─── DATA SUPPLIED
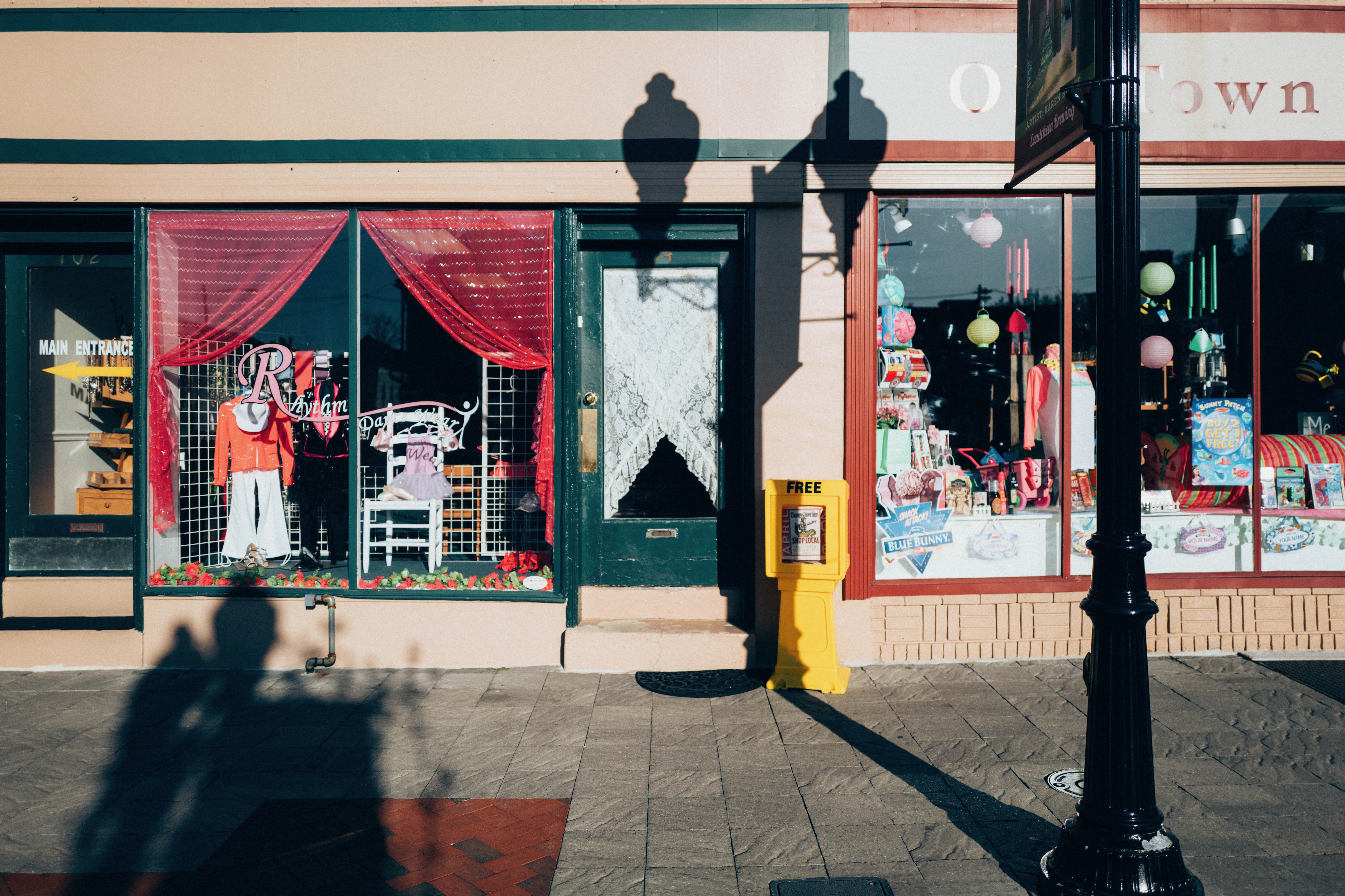 The photograph captures a quaint street scene showcasing two shop windows adorned with vibrant displays of clothing and colorful merchandise. Warm morning light casts playful shadows from a nearby lamp post, enhancing the inviting atmosphere of the storefronts. The contrasting textures and colors create a lively composition that invites curiosity and exploration.
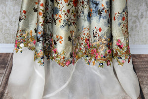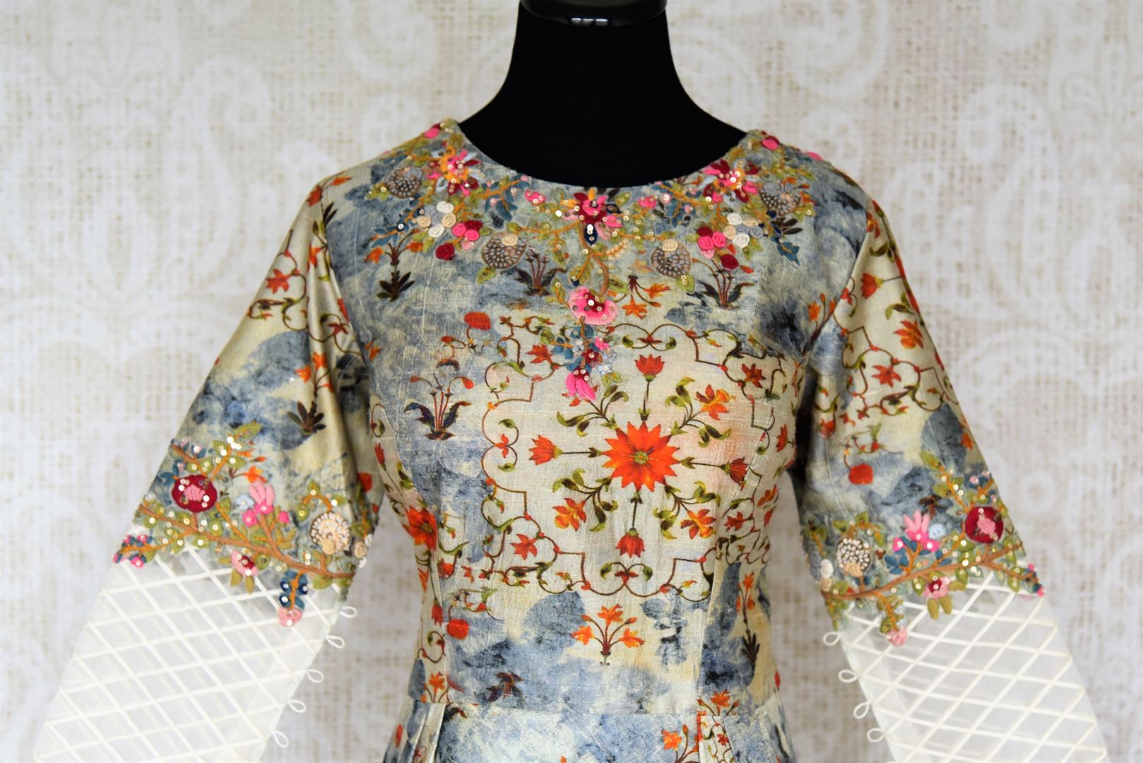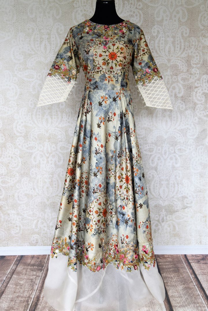 Feel the festive fervour in our exquisitely designed floor-length white silk floral embroidery dress. The intricate embroidery and cascading fall of the effortless drape look ethereal as ever. Don this Indo-western contemporary dress to family gatherings, soirees or formal events. Shop this suave indo-fusion dress at Pure Elegance store in USA.
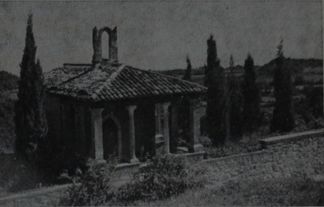 Didascalia: Chiesetta dedicata a Albona a Santa Maria Maddalena sulla strada per San Lorenzo (sullo sfondo le isole del Quarnero)
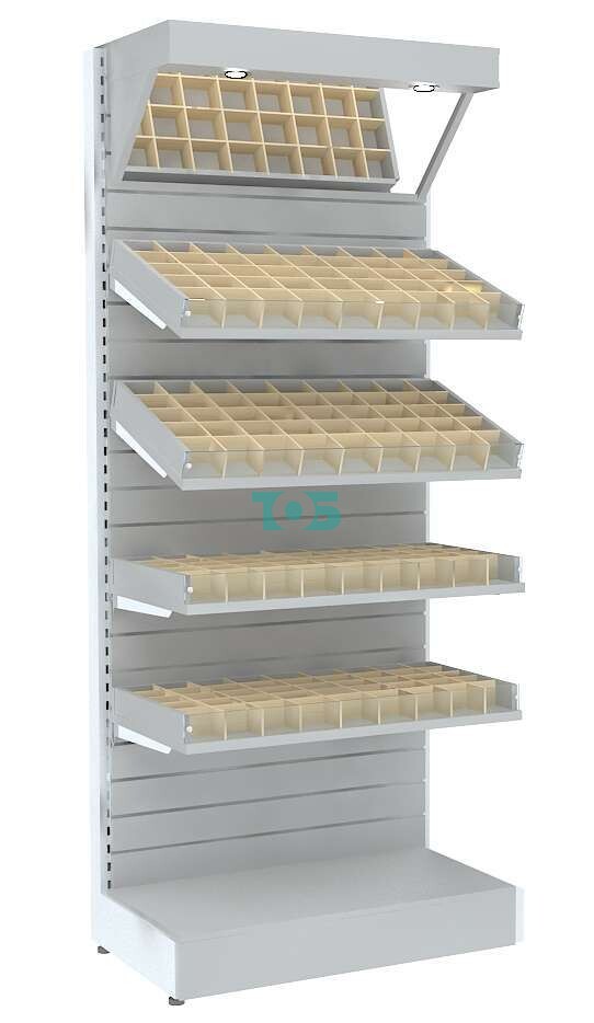 Островной стеллаж с накопителем ячейками из фанеры и свет коробом узкий серии КЛАСТЕР №1 (240 ячеек)
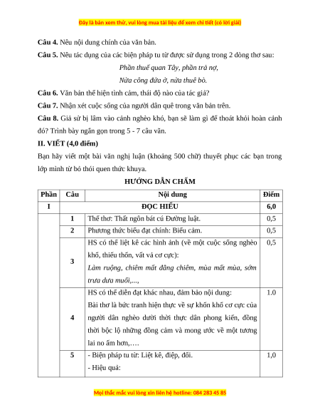 lớp mình từ bỏ thói quen thức khuya. HƯỚNG DẪN CHẤM Phần Câu Nội dung Điểm I ĐỌC HIỂU 6,0 1
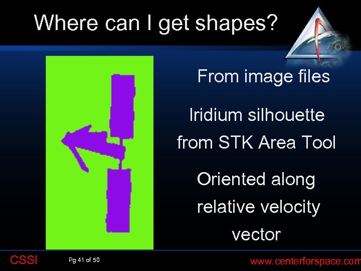 Where can I get shapes? Q From image files Iridium silhouette from STK Area Tool Oriented along relative velocity vector CSSI Pg 41 of 50 www. centerforspace. com
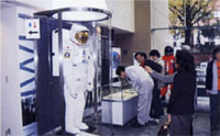 ここでは宇宙飛行士の日常生活の紹介や、日本人初の船外字宙活動を行った土井隆雄宇宙飛行士の映像を交えながら船外活動に用いられる船外活動服(EMU)について解説をいただきました。
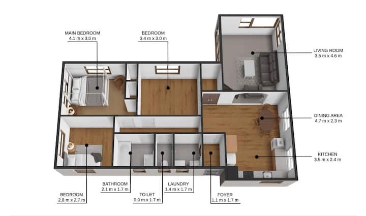 - 3 spavaće sobe
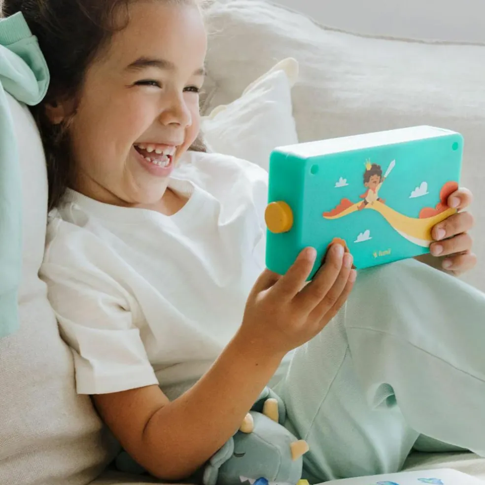 – Un jouet sans écran et sans ondes pendant l’écoute, pour un usage apaisant et sécurisé.
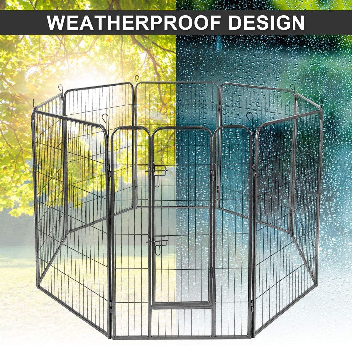 ️[HEAVY DUTY DOG PLAYPEN]Constructed with heavy duty metal material, our pet dog playpen is sturdy and durable enough for your long-time use. And it is rust proof and weather resistant, providing a comfortable and safe exercise pen perfect for safely restricting your furry friends especially for outdoor use. (The 16 panels dog playpen will come in 2 packages).
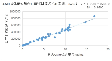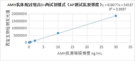 3.2.1西寶生物發(fā)光(AP)平臺AMH抗體配對組合3與羅氏診斷的AMH試劑(電化學(xué)發(fā)光法)賦值的臨床樣本相關(guān)性R2>0.95左右,相關(guān)性較好;
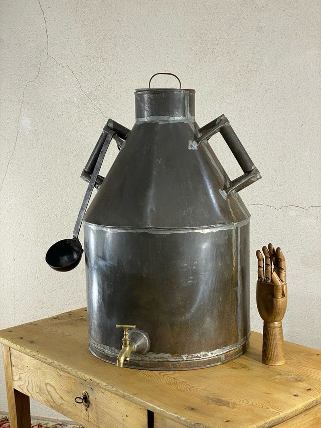 etiquetas: Olla aceitera lechera cantaro recipiente bidón depósito metal forja hierro
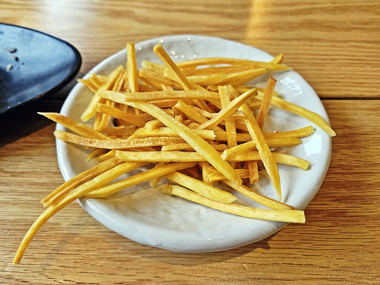 기본 안주로 나오는 고구마 스틱. 난 치아가 좋지 않기 때문에 딱딱한 음식을 좋아하지 않는다. 그래서 최대한 조심해서 먹었지. 바삭함이 잘 살아 있었고 고구마 특유의 달고 고소한 맛이 잘 느껴졌다.
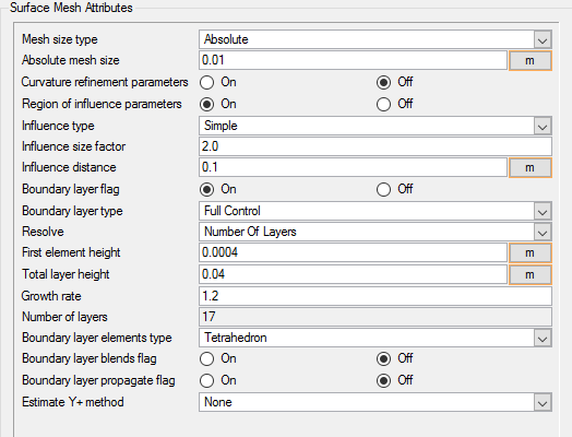 - The first layer height of the boundary layer mesh should be y+ < 5
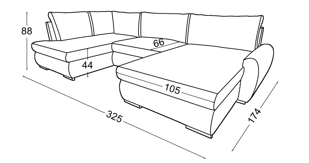 Narożnik w kształcie u i dużą funkcją spania CANYON XL dzięki szerokości 325 cm i głębokości 172 cm narożnik oferuje ogromną przestrzeń do siedzenia i wypoczynku. To idealne rozwiązanie dla dużych rodzin, osób ceniących przestrzeń lub tych, którzy uwielbiają przyjmować gości. Każdy znajdzie tu swoje miejsce, a komfort użytkowania pozostaje na najwyższym poziomie niezależnie od sytuacji.
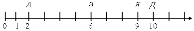 2. В ы п о л н е н и е задания № 342. – Что изображено на данном рисунке? (Числовой луч.) – В чем его особенность? – Восстановите на числовом луче единичный отрезок. – Так как между точками с числами 6 и 10 должно находиться 4 единичных отрезка, пробуем отложить на нем 4 отрезка, равных отрезку между точкой 10 и ближайшей отмеченной точкой на луче. Такая проверка показывает, что этот отрезок равен единичному. Откладываем равный ему отрезок вправо от начала луча и ставим число 1. – Обозначьте отмеченные на луче точки буквами и определите их координаты.
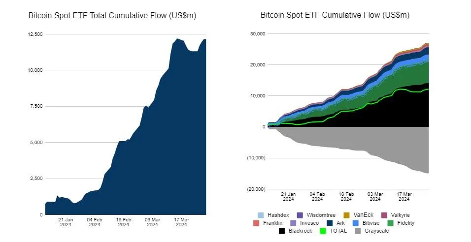 11 января 2024 года были запущены спотовые биткоин-ETF. И это событие оказало на крипторынок еще большее влияние, чем ожидал Мейнхард ранее.
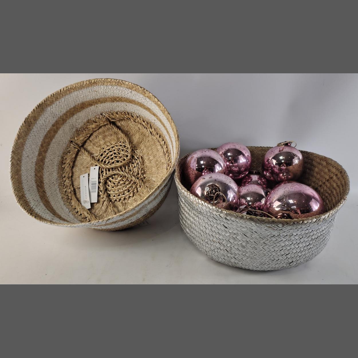 XMAS GIFTING IDEAS! Two woven baskets filled with 12 large pink Etched Snowflake Christmas baubles.
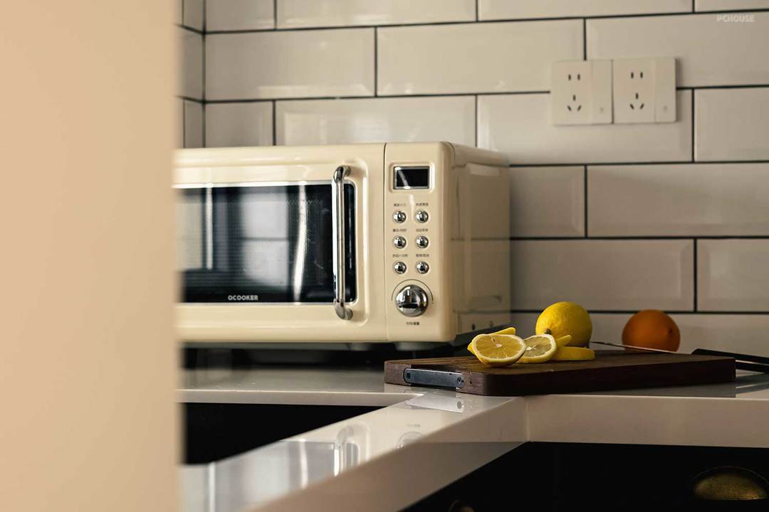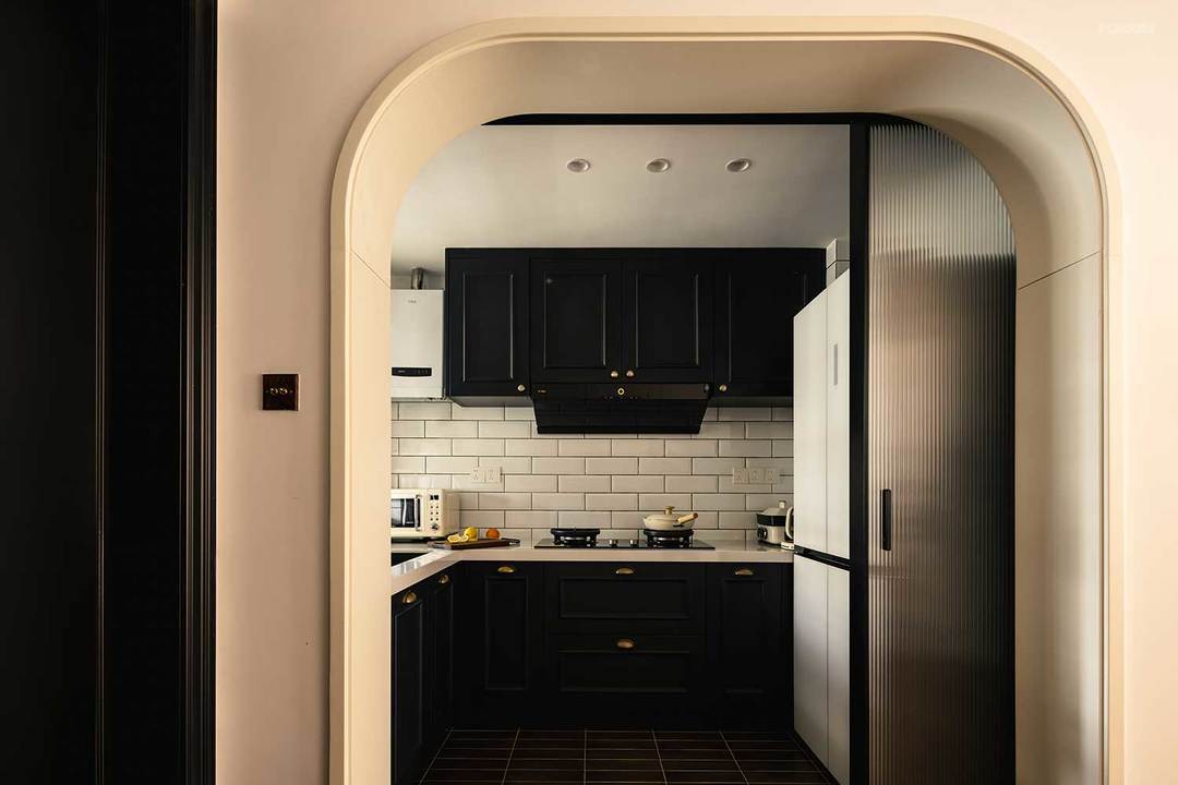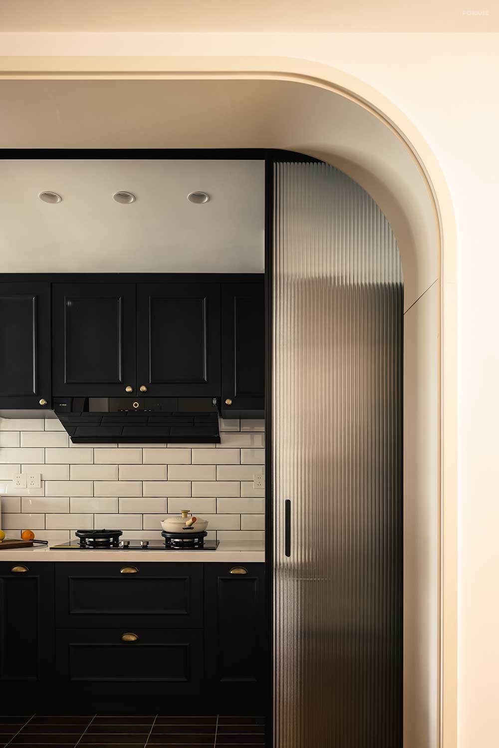 不同于客厅的色彩,厨房运用了黑色冷色调,小白砖上墙,能与深色形成对比的颜色;黑色橱柜和白色墙面的过渡,给人感觉更轻盈、更平衡的生活质感。
──────
= WORK REQUIRED =
Make an exact copy of the lines above, beginning with the line with "lớp mình từ" and ending with the line with "Narożnik w kształcie", and keep the pictures out of it.

= RESPONSE TO THIS EXERCISE =
 lớp mình từ bỏ thói quen thức khuya. HƯỚNG DẪN CHẤM Phần Câu Nội dung Điểm I ĐỌC HIỂU 6,0 1
 Where can I get shapes? Q From image files Iridium silhouette from STK Area Tool Oriented along relative velocity vector CSSI Pg 41 of 50 www. centerforspace. com
 ここでは宇宙飛行士の日常生活の紹介や、日本人初の船外字宙活動を行った土井隆雄宇宙飛行士の映像を交えながら船外活動に用いられる船外活動服(EMU)について解説をいただきました。
 - 3 spavaće sobe
 – Un jouet sans écran et sans ondes pendant l’écoute, pour un usage apaisant et sécurisé.
 ️[HEAVY DUTY DOG PLAYPEN]Constructed with heavy duty metal material, our pet dog playpen is sturdy and durable enough for your long-time use. And it is rust proof and weather resistant, providing a comfortable and safe exercise pen perfect for safely restricting your furry friends especially for outdoor use. (The 16 panels dog playpen will come in 2 packages).
 3.2.1西寶生物發(fā)光(AP)平臺AMH抗體配對組合3與羅氏診斷的AMH試劑(電化學(xué)發(fā)光法)賦值的臨床樣本相關(guān)性R2>0.95左右,相關(guān)性較好;
 etiquetas: Olla aceitera lechera cantaro recipiente bidón depósito metal forja hierro
 기본 안주로 나오는 고구마 스틱. 난 치아가 좋지 않기 때문에 딱딱한 음식을 좋아하지 않는다. 그래서 최대한 조심해서 먹었지. 바삭함이 잘 살아 있었고 고구마 특유의 달고 고소한 맛이 잘 느껴졌다.
 - The first layer height of the boundary layer mesh should be y+ < 5
 Narożnik w kształcie u i dużą funkcją spania CANYON XL dzięki szerokości 325 cm i głębokości 172 cm narożnik oferuje ogromną przestrzeń do siedzenia i wypoczynku. To idealne rozwiązanie dla dużych rodzin, osób ceniących przestrzeń lub tych, którzy uwielbiają przyjmować gości. Każdy znajdzie tu swoje miejsce, a komfort użytkowania pozostaje na najwyższym poziomie niezależnie od sytuacji.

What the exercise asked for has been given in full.